If you are looking for some degree of stability from a profitability perspective, this is most certainly not the company for you. Even when it comes to cash flows, the picture has been a bit volatile. Over the past five years, operating cash flow has bounced all over the place, ranging between a low point of $6.9 million at a high point of $35.4 million. If we adjust for changes in working capital, volatility is still quite high, with a low point of $14.8 million and a high point of $52.7 million. Last year, the figure came in at $26.8 million. The same thing can be said of EBITDA, with the metric coming in between $10.6 million and $53.2 million over the past five years. Last year, it came in at $27.8 million.

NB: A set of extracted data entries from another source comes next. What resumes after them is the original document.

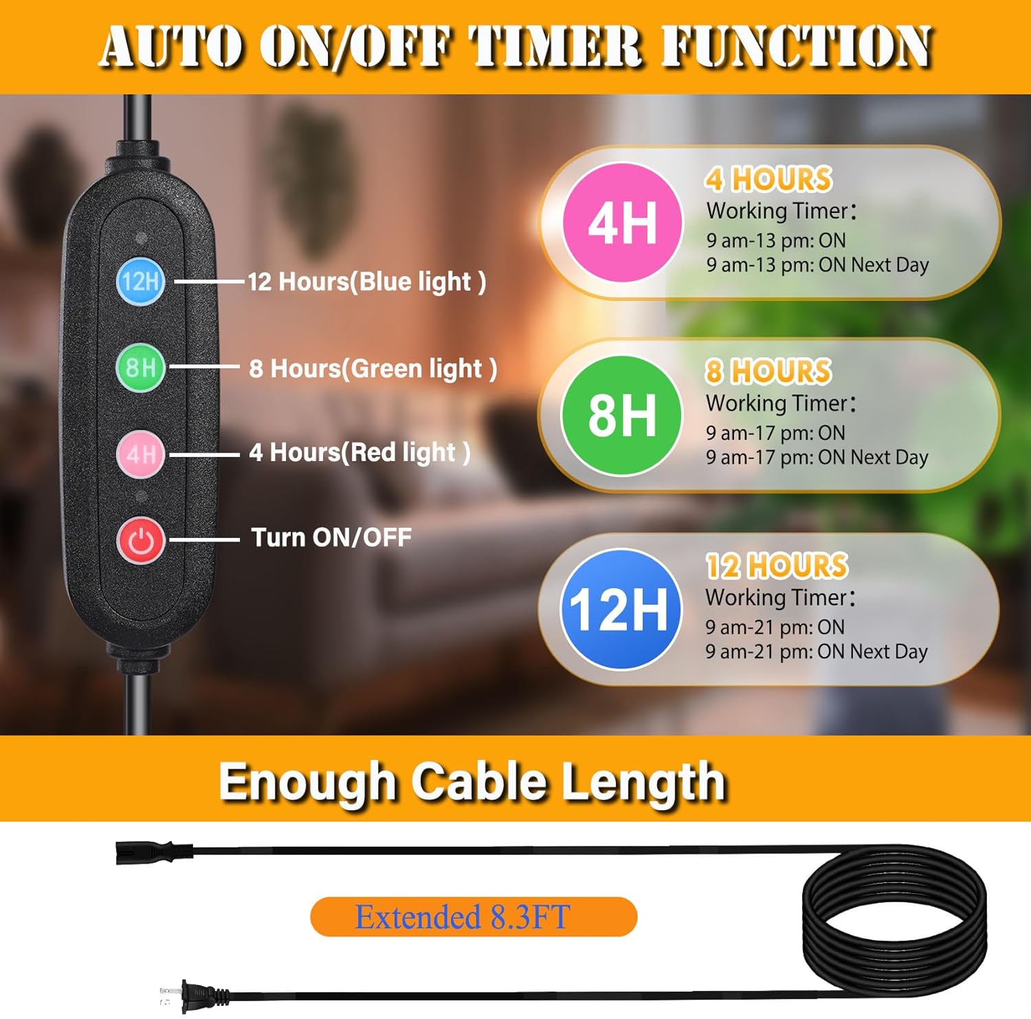 - AUTO TIMER FUNCTION AND 8.3 FT LONG POWER CORD:The timer is fit on the cord, there are three different times to choose from 4/8/12 hours, led grow light is color coded; as soon as you set the time, it will automatically turn on/off again every day (Freeing your hands is perfect.). Enough cable length for you place the grow lamp about 8.3 feet from the outlet with plenty of extra.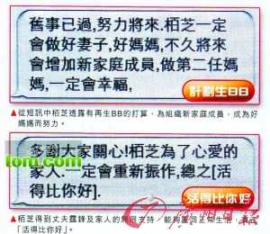 據(jù)報(bào)道,香港某周刊日前爆出張柏芝再度懷孕的消息。據(jù)悉,張柏芝弟弟張豪龍向該周刊轉(zhuǎn)發(fā)了姐弟間的短信,該周刊根據(jù)短信內(nèi)容證實(shí)張柏芝已再度懷孕。另外謝霆鋒媽媽狄波拉接受訪(fǎng)問(wèn)時(shí)也稱(chēng),兒媳已經(jīng)開(kāi)始吃補(bǔ)品再為謝家添丁。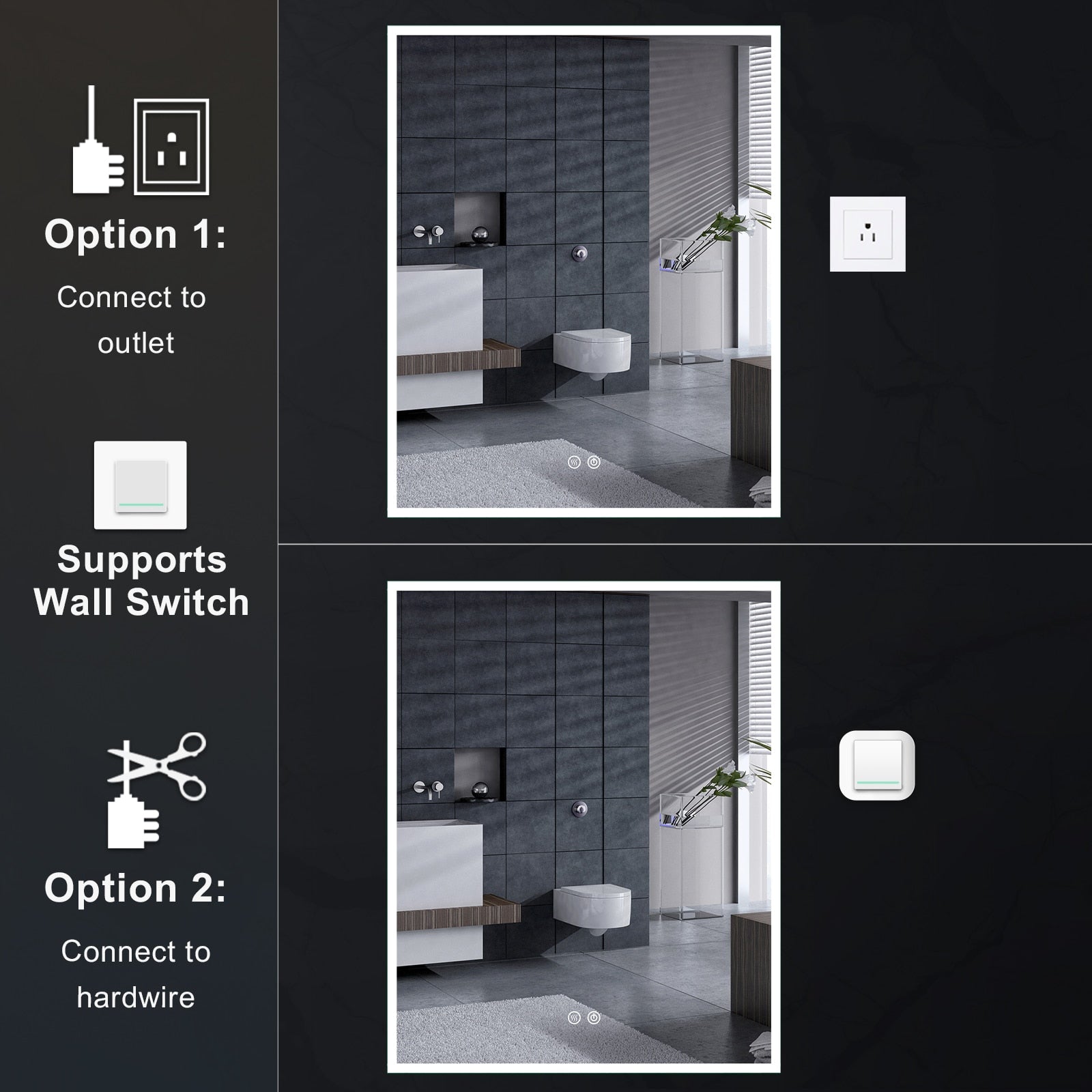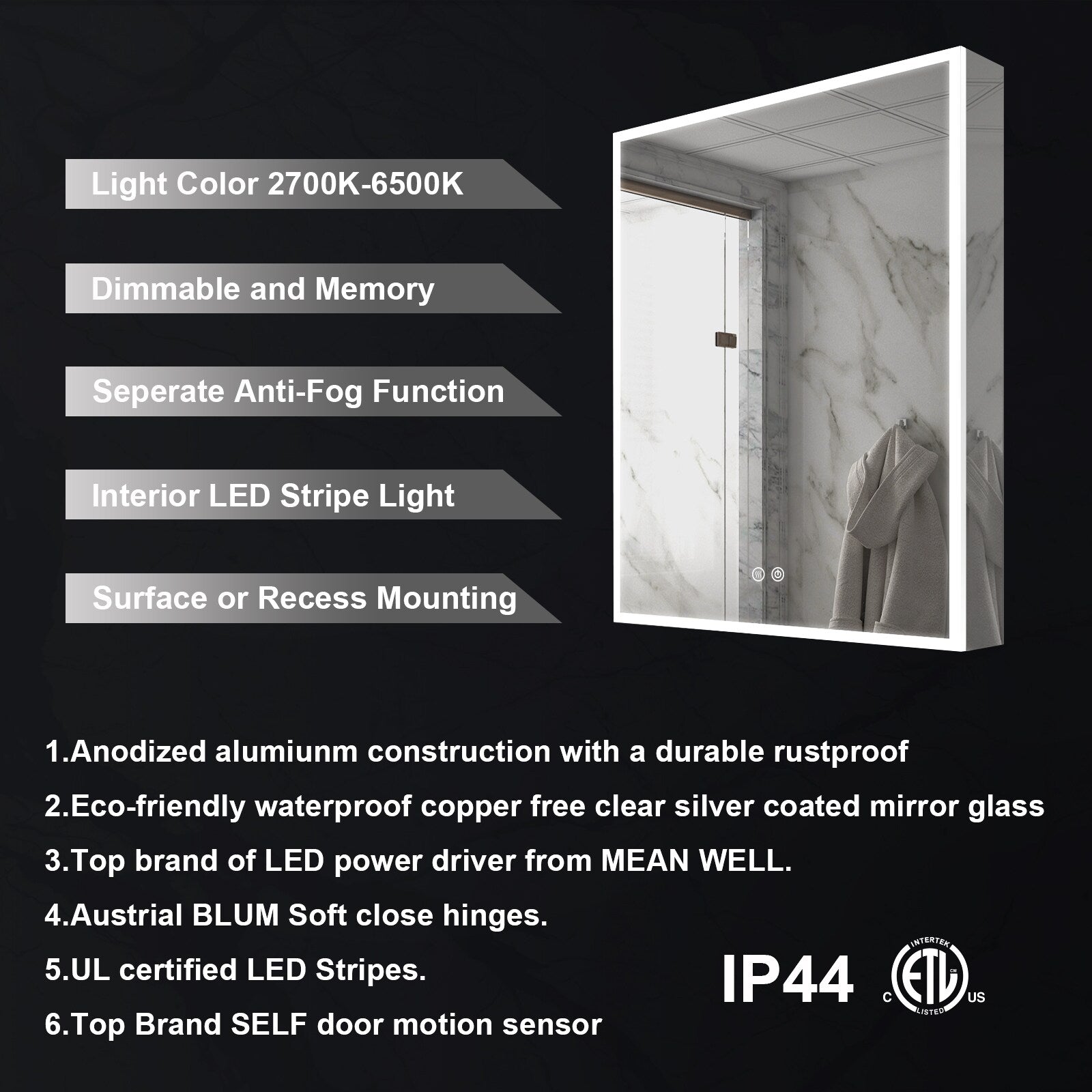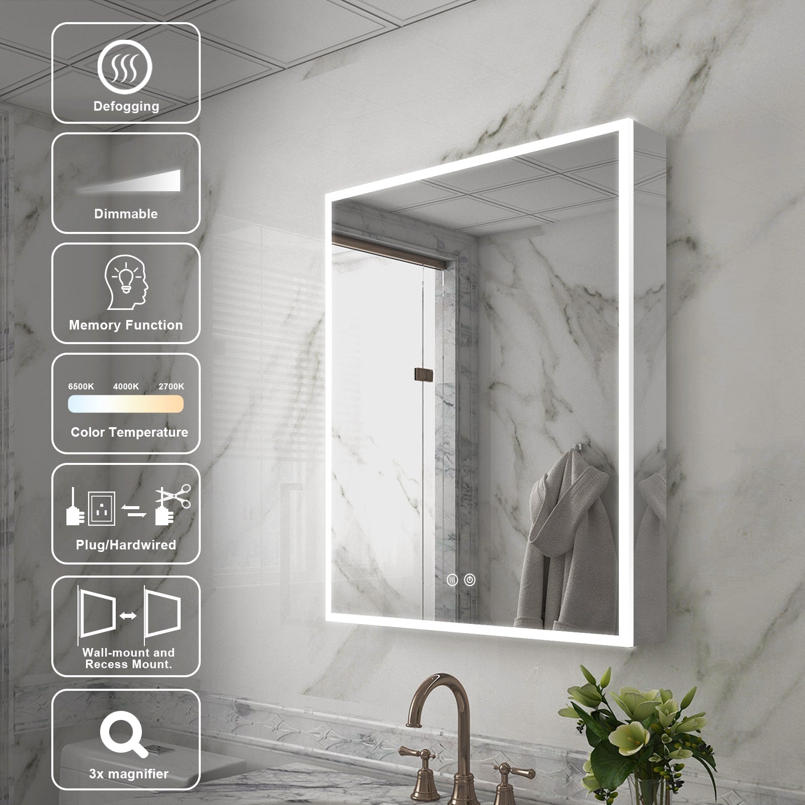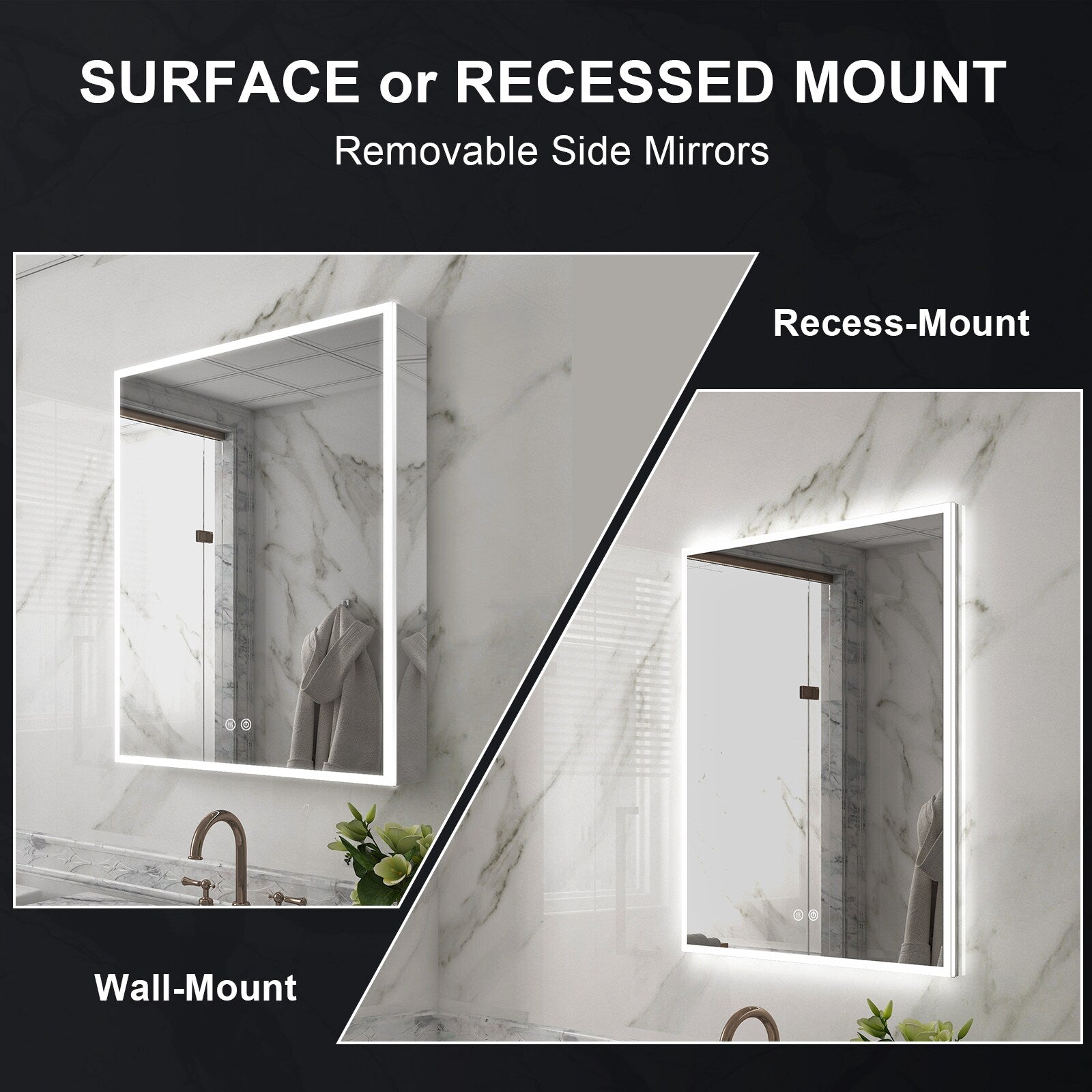 Forclover ST Modern 24-in x 30-in Lighted LED Fog Free Surface/Recessed Mount Sliver Mirrored Soft Close Medicine Cabinet with Outlet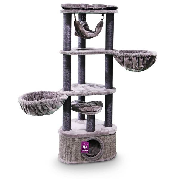 Stabiel krabmeubel met slaapruimte, hangmat en verwijderbaar kussen. Geschikt als hoekmodel. Afm. 60 x 60 x 160 cm.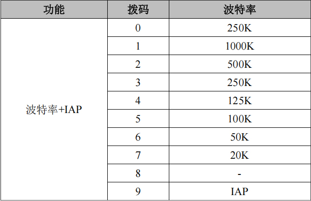 波特率與開(kāi)關(guān)設(shè)置對(duì)應(yīng)值如下表4.1所示。GCAN-6057模塊撥碼開(kāi)關(guān)“0”到“7”為波特率設(shè)置開(kāi)關(guān);“9”為復(fù)位按鍵,為調(diào)試接口,請(qǐng)不要撥動(dòng)。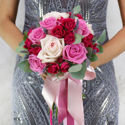 Роза Гринроуз 60 см фиолетовая, Роза РС 60 см коралловая, Роза кустовая 40 см розовая, Листья эвкалипт микс, Лаванда сушёная, Лента, Плёнка прозрачная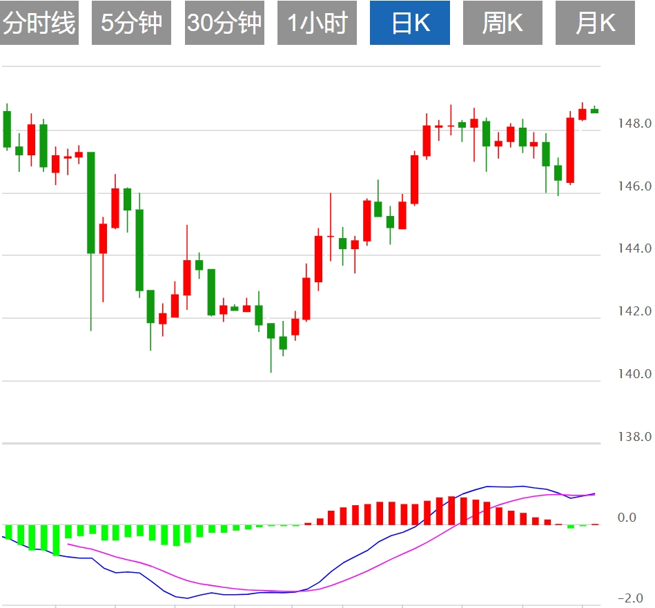 周二亚盘,美元/日元走低,现报148.52,下跌0.09%。基于美联储官员评论及美国经济展现韧性,CME FedWatch目前显示完全消化降息的时间为6月。

Unfortunately, nobody knows what the future holds and management has not provided any real guidance for the future. What we do know is that, in the long run, semiconductor demand should only increase. However, the pandemic resulted in significant supply chain issues and, in turn, was instrumental in causing the shortage that we are experiencing today. Add onto this the fact that demand is likely to continue increasing, and we could be in for some difficulties for companies like Strattec. For instance, one report, provided by KPMG, said that supply chains are continuing to struggle to meet demand, with semiconductor sales forecasted to hit $600 billion this year compared to the $556 billion last year, resulting in a continued chip shortage that should stretch into 2023, with 56% of semiconductor firms currently expecting the shortage to continue through that time. And with the automotive industry being the second-largest driver of semiconductor growth, second only to the wireless communication industry, that does not bode well fundamentally for a company like Strattec that will ultimately have to deal with the shortage by paying higher prices and contending with lower production volume.

Trading Multiples

Author – SEC EDGAR Data

This makes it difficult to truly value the company. But if we rely on data from 2022, the firm is trading at very cheap levels, with a price to adjusted operating cash flow multiple of 3.2 and an EV to EBITDA multiple of 4.3. These numbers compare favorably to the 1.6 and 2.2, respectively, that we get using data from 2021. Even in the event that financial performance reverts to what it was in 2020, however, shares of the company would be considered quite affordable, with multiples of 5.8 and 11.3, respectively. I also compared the company to a couple of different firms. But given its small size and its market, there weren’t very many good companies to choose from that had positive trading multiples. The only one that had positive trading multiples was Superior Industries International (SUP), which is trading at a price to operating cash flow multiple of 1.2 and at an EV to EBITDA multiple of 3.4.

Takeaway

Fundamentally speaking, Strattec is a rather volatile company. However, the firm makes up for this and the fact that shares are cheap on an absolute basis. This picture could change based on market conditions. If the semiconductor chip shortage continues as predicted, financials could be impacted to some degree. At the same time, however, even a return to levels of profitability seen in 2020 would not make the company overvalued. In addition, there’s also the fact that the company has net debt of just $2.23 million as of this writing, making it a very low-leveraged play with little in the way of insolvency risk. Given all of these factors, I have decided to rate the business a soft ‘buy’ at this time.